= Comes Autumn Time =

Concert overture by Leo Sowerby

Comes Autumn Time is a concert overture by Leo Sowerby. Originally composed for organ in October 1916, it was orchestrated the following year. The organ version was both commissioned and premiered by Eric DeLamarter at Fourth Presbyterian Church in Chicago on October 20, 1916. Because the piece was so well received, DeLamarter then asked the composer for an orchestral version, which he led in an all-Sowerby concert in Chicago in January 1917. With the score's publication in 1919 by the Boston Music Company, writes Francis Crociata of the Leo Sowerby Foundation, Comes Autumn Time was soon performed "in Boston by Pierre Monteux, Philadelphia by Stokowski, Minneapolis by Ganz, New York by Damrosch, London by Harty and Wood, Berlin by Rosbaud, and Vienna by Bruno Walter."

The piece is one of Sowerby's most popular, and was inspired by a poem by Bliss Carman entitled "Autumn". (In tribute to Carman's contribution to the piece's origin, Sowerby directed that a copy of the poem be included with every printed copy of the score, a practice which is still carried on today.) The piece became a personal favorite of Frederick Stock, then Music Director of what is now the Chicago Symphony Orchestra; upon Stock's death in 1942, the piece was played at his funeral at Stock's request.

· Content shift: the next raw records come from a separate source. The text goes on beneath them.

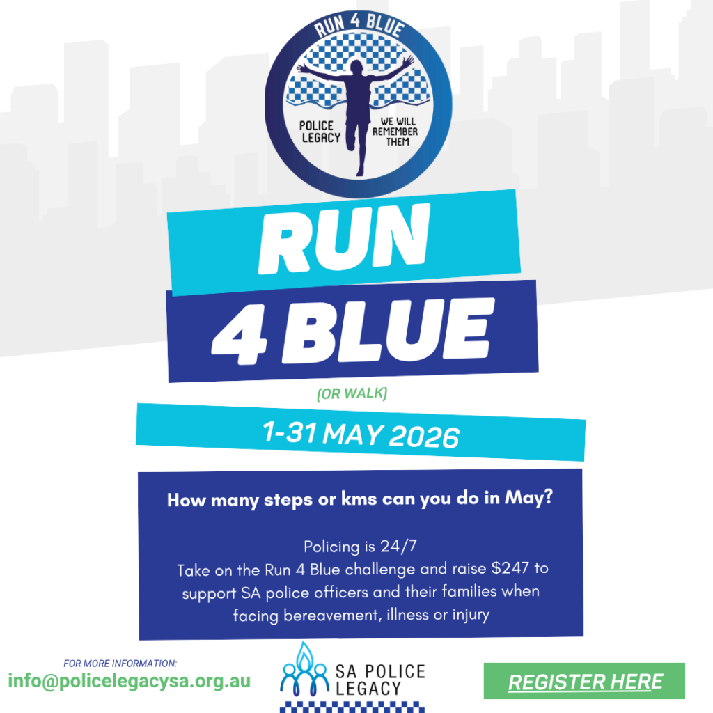 Run4Blue is a national movement supporting Police Legacy organisations across Australia. Whether you walk, run, ride or roll, every kilometre and every dollar raised helps us continue supporting South Australian police officers and their families through loss, illness and times of need.
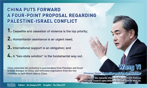 China puts forward a four-point proposal regarding escalating Palestine-Israel conflict, Chinese State Councilor and Foreign Minister Wang Yi said on Sunday.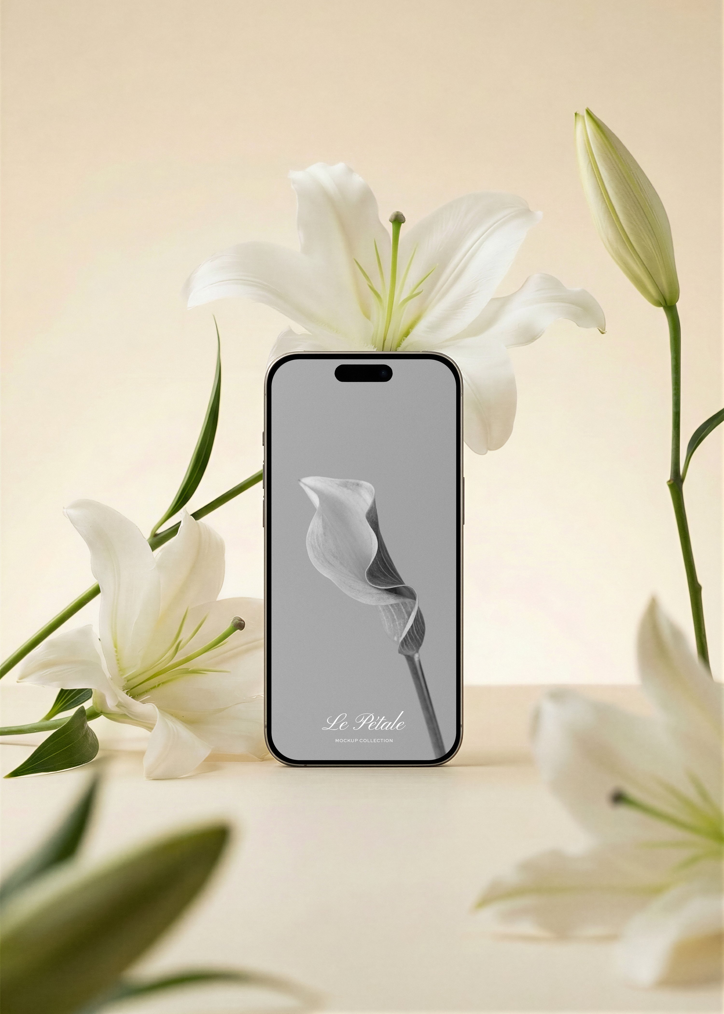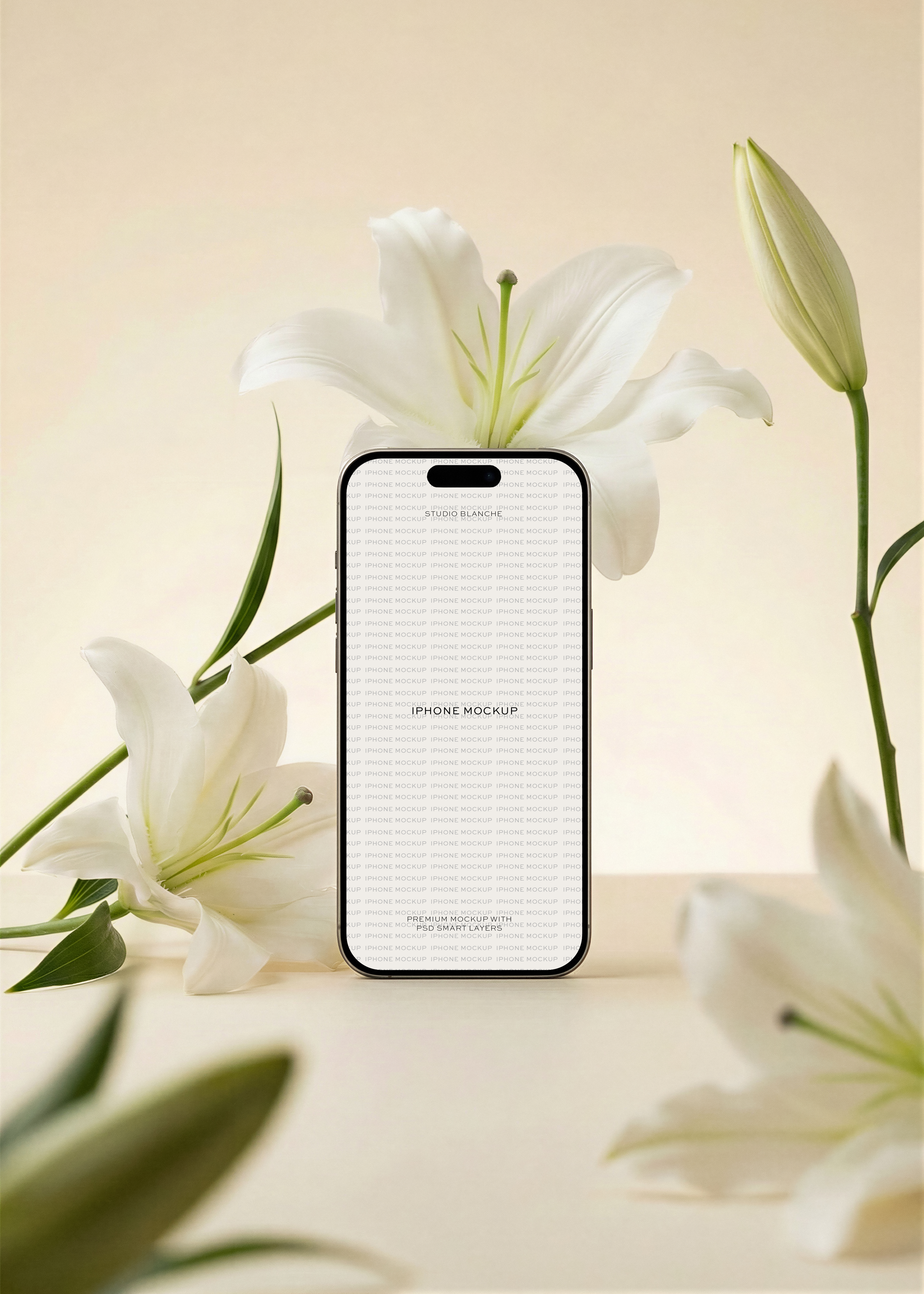 Present your digital brand in full bloom. This iPhone mockup offers a beautifully styled backdrop for UI design, social media, or e-commerce presentations.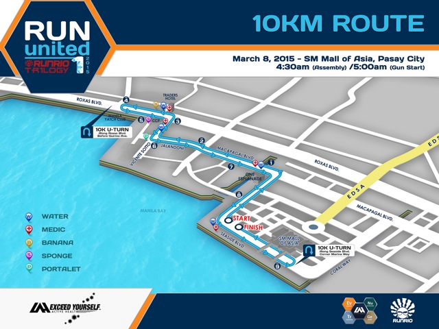 The Unilab Run United 1 2015 will be on March 08, 2015 am at SM Mall Of Asia, Pasay City. This is part of the Run United 2015 RunRio Trilogy. The 2015 Run United 1 has 5k, 10k, and 21k race categories. All categories will have a start and finish at the SM Mall of Asia grounds.

The work opens with an exuberant and lively theme played on the bass clarinet, horns, and low strings. A transition in the woodwinds bring on the second main subject, iterated by flutes and celesta against a harp and clarinet background. The first subject is then developed, the second returning only in the recapitulation, followed by the first. The piece finishes with a brilliant and lively coda, developed from the second theme.